Oh, that’s cool. I tried to register for bone marrow donation about 5 years ago (my blood’s O+, so it’s fairly likely to be useful), and they said that people with sleep apnea who use CPAP machines can’t be donors, because they may have problems with the anesthesia. Seemed ridiculous to me; so I end up snoring at them and don’t get a great night’s sleep while they’re poking holes in my bones, big deal. But maybe they’ll take me now, if they’re usually just doing apherisis?
There’s really no reason not to- either you’ll be saving someone’s life, or you’ll never be called on to do anything other than keep your contact information up to date. I’m in the latter category… so far.

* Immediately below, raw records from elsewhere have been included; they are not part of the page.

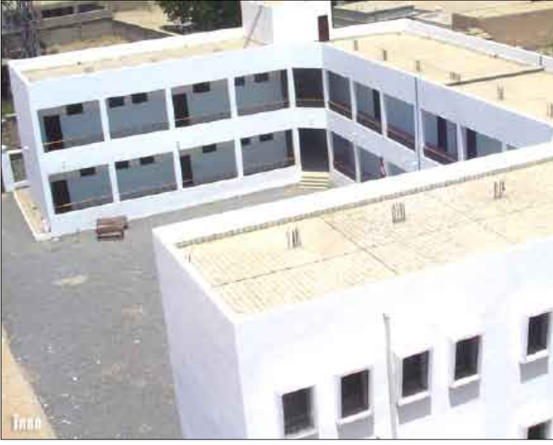
أحدى المدارس في مديرية حجة
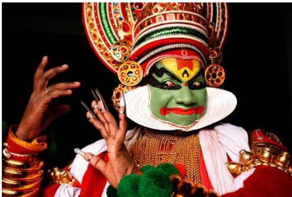
Indický tanec Kathakali
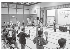
生きがい活動納涼祭

内容：健康チェック、入浴、昼食、休養、軽運動、各種レクリエーション行事など ※月に3～4回、マイクロバスで送迎します。
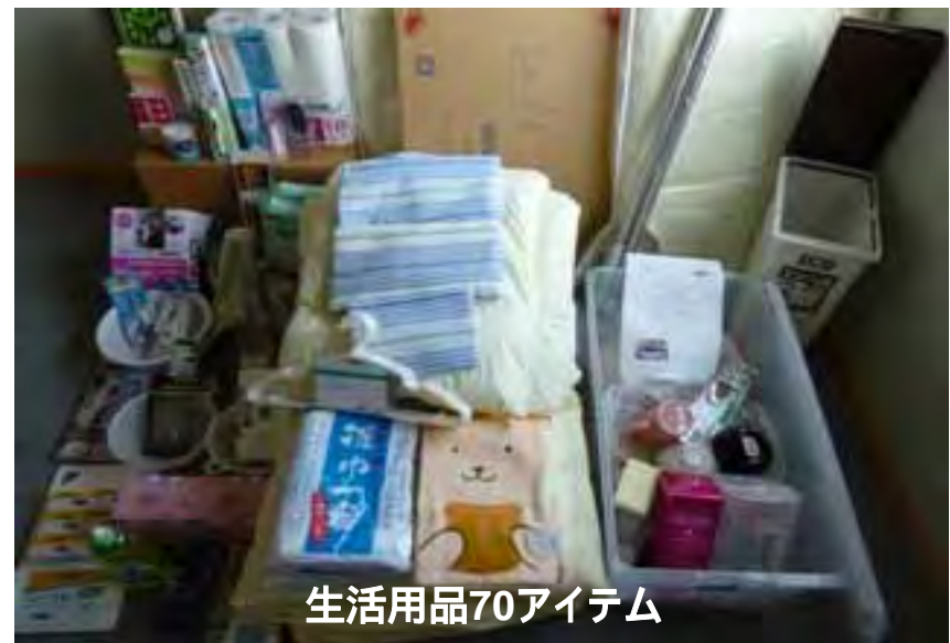
生活用品70アイテム
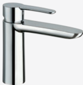
Einhebel-Waschtischarmatur Comfort ohne Zugstangen-Ablaufgarnitur, mit flexiblen Anschlussschläuchen, Höhe 17 cm, Ausladung 14 cm

I’m 45 so I have to register online and pay $100 to do so? I’m more than happy to register but charging me to do so because of my age?
http://www.deletebloodcancer.org/en/register Register here for free
Although the Australian Bone Marrow Donor Register does not exclude donors based on UK residency, donors are recruited through the Blood Service which does exclude
people who lived in the UK between 1980 and 1996 for a cumulative period
of 6 months or more.
IOW, we don’t exclude you, but the only way you can register is through joining somewhere that does and won’t accept you.
I’m used to being unable to give blood because of medical bullshit. That’s at least understandable. This is administrative bullshit and inexcusable.
Even if I’m a match, and even if I’m allowed to donate despite my asthma, and even if you only require blood, where would I have to go to donate, and what are the odds it would be at all remotely accessible?
Don’t know about marrow, but as a Brit the US doesn’t want my blood because mad cow.
They coordinate with hospitals across the country and will try to find one close to you for your donation–if you live near a decent-size city, you probably wouldn’t have to go too far. They also reimburse your travel expenses, as well as paying for all related medical care.
I can’t ever drive, because sensory issues. I can’t bike any more, because sensory issues. I can’t use public transportation any more, because sensory issues. I sometimes get harassed at clinics if I’m trying to get help, because sensory issues and ableist assholes, and had one appointment cancelled while I was waiting, curled up in pain, because sensory issues, because sensory issues and ableist assholes.
I’m truly sorry about that. I hope you have better luck with doctors/clinics in the future and get whatever help you need.
You asked what I interpreted as a logistics question, and I tried to provide an answer. I’m sorry I offended you.
No, it wasn’t offensive. I was just giving some background on the logistics.